= Kimsan Twins =

Cambodian chefs

Pol Kimsan (ប៉ុល គឹមសាន; born 1984 in Kampot Province, Cambodia) and Sok Kimsan (សុខ គឹមសាន; born 1986 in Siem Reap province), together known as the Kimsan Twins, are Cambodian chefs and restaurateurs, executive chefs of the Angkor W Group of Restaurants. Despite their sobriquet and shared last name, they are not actually twins or even biologically related.

== Biography ==

Pol Kimsan first started cooking at the age of ten and comes from a long line of village cooks. In 2002, Pol Kimsan moved from Kampot to Siem Reap to forego a nine month long training at the Paul Dubrule Vocational School in Hospitality and Tourism before starting to work at the French bistro at Angkor Victoria Hotel.

Sok Kimsan, on the other hand, was initially studying to become a nurse but at the age of 18 was forced to drop out of school when her parents could not afford her study supplies anymore. In 2002, she enrolled in the Sala Baï Hotel and Restaurant School after her older brother heard about the school opening on the radio. Upon graduation, Sok Kimsan started working at the Belmond La Residence d’Angkor Hotel. She then worked at the Grand Hyatt Dubai for two years before moving to France to work for Les Enfants Perdus and Restaurant Regis & Jacques Marcon and returning to Cambodia in 2008. In 2013, Sok was one of the four chefs representing Cambodia at the Thailand Ultimate Chef Challenge and Pattaya City Culinary Cup.

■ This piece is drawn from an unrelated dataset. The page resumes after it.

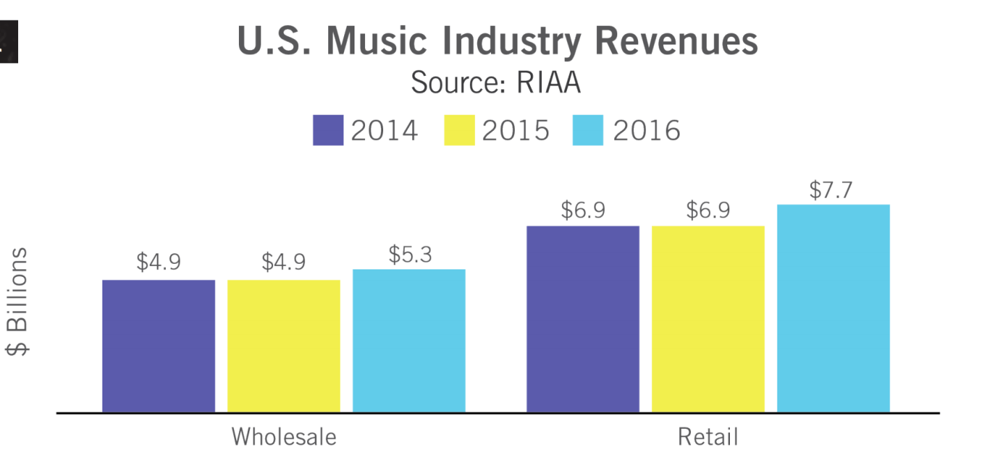 In 2016, the record industry had its best year in nearly two decades, the Record Industry Association of America said on Thursday. Total U.S. retail sales from recorded music rose 11.4% last year, to $7.7 billion, the biggest gain since 1998.

Pol and Sok became friends while they both were working as cooks at the Victoria Angkor Resort. In 2014, the Kimsan Twins became the executive chefs of the newly opened Cambodian restaurant Embassy on King's Road in Siem Reap with an all-female staff. To design the restaurant's menu they studied the national archives for forgotten recipes and received training from a former member of King Norodom Sihanouk's cooking staff. In 2015, they were the guest judges of Cambodian Television Network's "Cambodian Best Chef Phnom Penh" contest. In 2020, Embassy was included in the Asia's 50 Best Restaurants newly created 50 Best Discovery list. In 2021, the Kimsan Twins also started managing the newly opened Sombok Restaurant in Phnom Penh. In 2022, the Kimsan Twins catered for the first-ever Cambodia Night in the World Economic Forum in Davos.